Saturday Meat Market

Saturday markets in Ethiopia mean fresh meat for many towns and villages in the rural areas.  With a small group of friends, I headed to the village of Aroge to enjoy their meat market where we reserved choice cuts from a large cow we spotted waiting to be slaughtered.

One butcher in Aroge making his cuts
The process from cow to cut meat was surprisingly fast and well organized.  First, the cow was killed, separated from its hide, and taken in portions to nearby tables where butchers waited, stationed to take requests and negotiate prices from meat buyers.  The butchers here were clearly adept, making the whole process seem effortless and almost artful.
Kidneys and chekina, just before we cut and ate them with injera and daataa

My party requested the kidneys and ‘chekina’, which is a meat along the lower back of the animal known to be great for eating raw.  After we received our cuts, we headed across the street to a restaurant that was almost entirely self-service.  We were provided drinks, injera, daataa (chili sauce), and knives but we had to cut the meat for ourselves.  We spent the next 10 minutes slicing the meat in bite size pieces before we feasted.  That was probably the first time I ate kidneys and definitely the first time I ate them raw.  For me, new textures and tastes are most difficult to handle when I know they are sourced from an animal.  Although keeping the food down proved to not be a problem, the advice to take de-worming medication every couple of months when consuming raw meat regularly was disconcerting. 

Monday, January 20, 2014

Timket (Epiphany) in the South

Dressed for the part, I cut some meat off the bone and join in the Timket Feast

The Ethiopian Orthodox holiday, Timket (or, Epiphany) recognizes the day Jesus was baptized.  Each region within Ethiopia celebrates Epiphany differently so what I briefly relate here might not be how people in places like Gonder or Mekele (cities within northern Ethiopian) would experience it.

In Ethiopia's southern region of Konso, I greeted Timket dressed with a traditional pair of Konso shorts, the Komfa, and scarf to match.  With a few recently made friends who were as welcoming as family, I shared a breakfast feast of meat (both raw and roasted) and t'ej - honey wine.  
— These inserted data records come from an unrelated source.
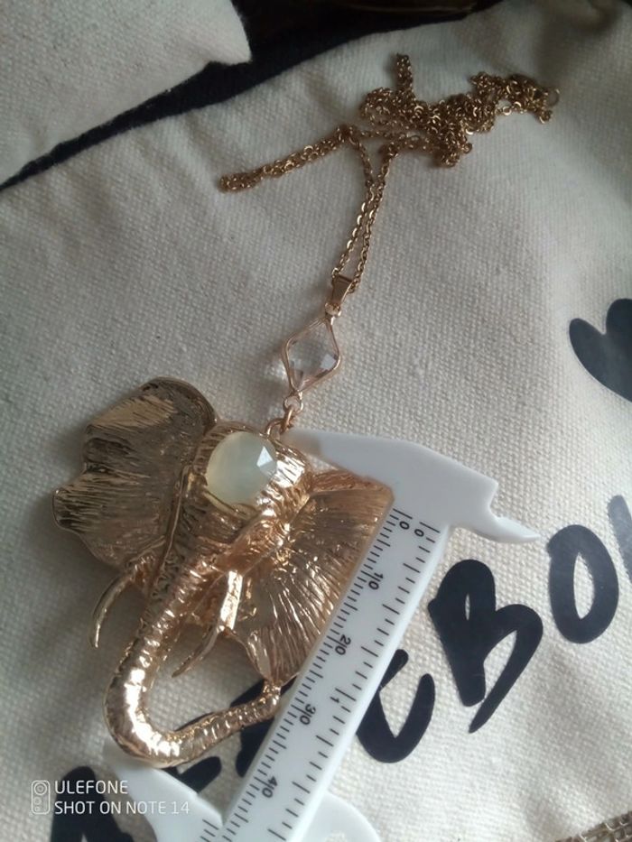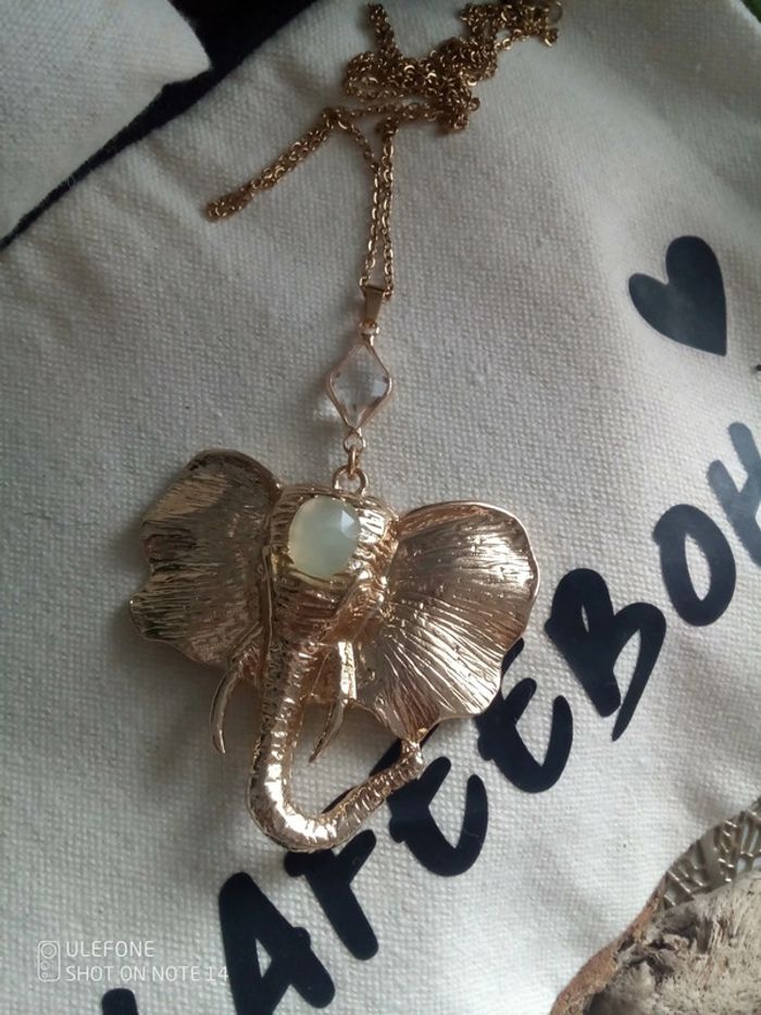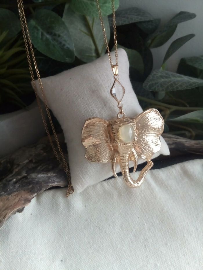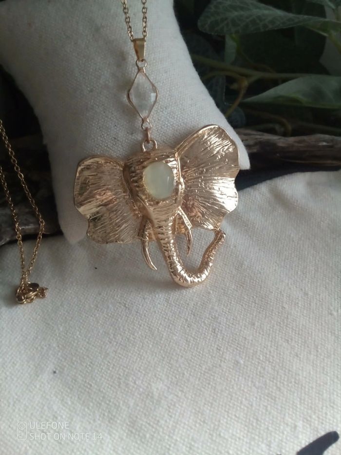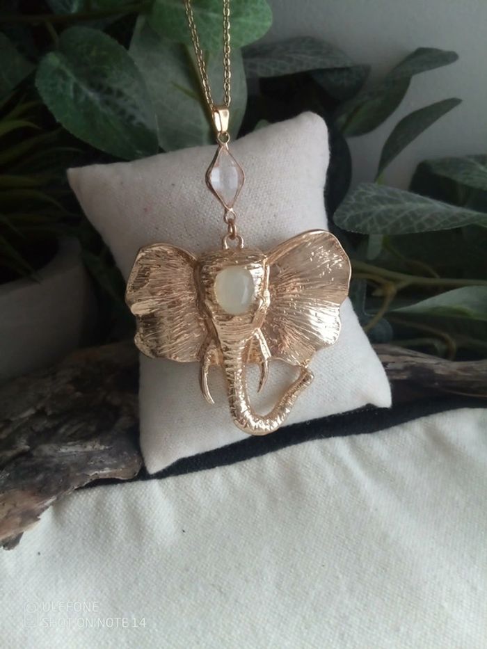 Collier Pendentif éléphant pierres d'aqua calcédoine et de cristal de quartz - photo numéro 1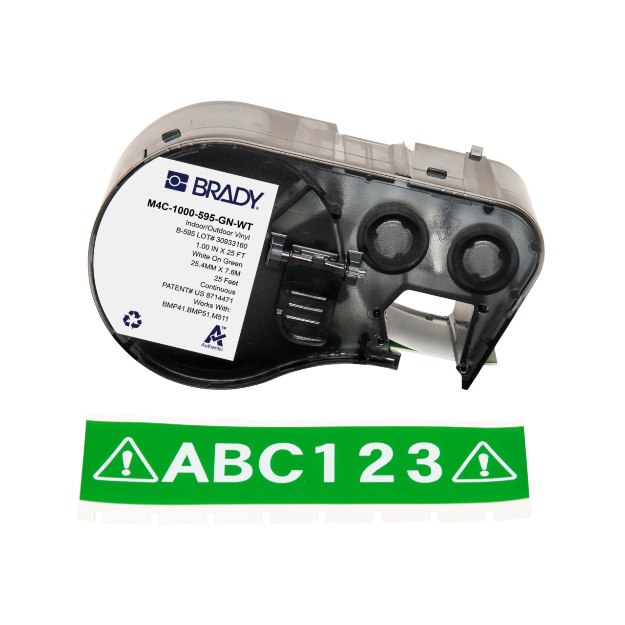 Brady M4C-1000-595-GN-WT All Weather Adhesive Vinyl Label Tape with Ribbon for M4/M5 Printers - 1 Inch - White on Green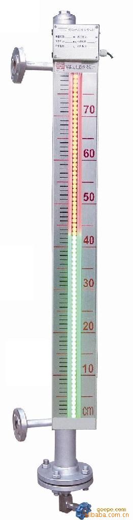 6、液位计投入运行时第一步打开汽相阀门手柄的八分之一,然后停止,再打开液相阀门的手柄的八分之一,以此类推。尤其是该液位计用在压力较高的压力容器上时(如电站锅炉),必须缓慢地注入压力,以防浮子突然受压损坏,使介质慢慢流入主体管,观察液位显示,由红变绿逐个转换。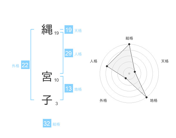 縄 宮子さんの外格は22画の1点!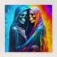 Dois Skeletons se abraçando sob um cobertor com fundo arco-íris.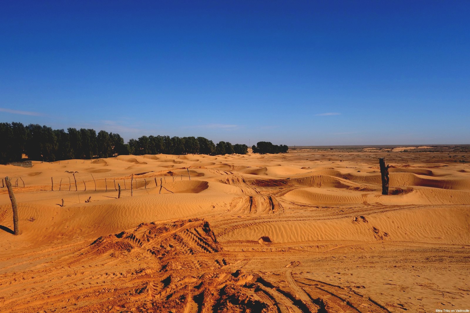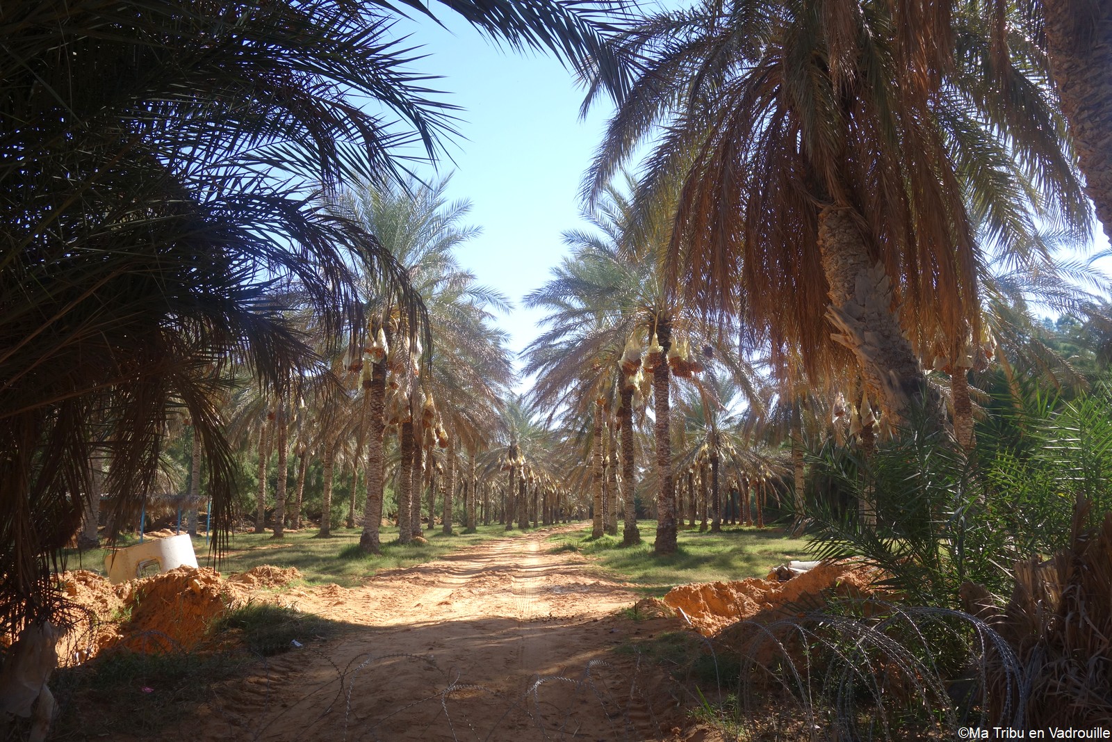 Au bout de plusieurs kilomètres, une oasis se profilent devant nous : Ksar Ghilane. De loin, on aperçoit des milliers de palmiers et… pas mal de touristes qui arrivent par bus ! Des campings sont installés à l’intérieur, ainsi que des restaurants, des cafés et l’on peut même faire des tours en quads ou en dromadaires. Bref, je sens tout de suite que je ne vais pas aimer ! Trop touristique pour moi et je suis déçue de la source d’eau chaude où soit disant l’on peut se baigner. Elle fait sale et surtout les terrasses des cafés l’entourent ! Il faut vraiment avoir envie de se baigner…

One priest splashing holy water upon a crowd that gathered to celebrate Timket

A large Timket procession following the Tabot through a town in Konso  

After our meal we headed to a large field where we could observe a ceremony of symbolic baptizing for a crowd of Ethiopian Orthodox followers and took part in a large procession that followed a replica of the Tabot (the Ten Commandments) weaving a path from one church to another, singing, clapping, and rejoicing along the way.

Thursday, January 16, 2014

Chekka, Hot Beer in a Drinking Gourd

Chekka and Drinking Gourd

Chekka is the beer of Konso people.  It is made from corn, sorghum, and/or wheat.  Unlike beers that you’re probably accustomed to, this is one that is best served hot and will have you spitting out bits of debris as you are finishing your cup.  There are several distinctly different alcoholic drinks prepared at home in Ethiopia but this one is my favorite.  It's great tasting, thick with energy (grains), served in a novel cup, and the environment where chekka is served is typically welcoming and lively.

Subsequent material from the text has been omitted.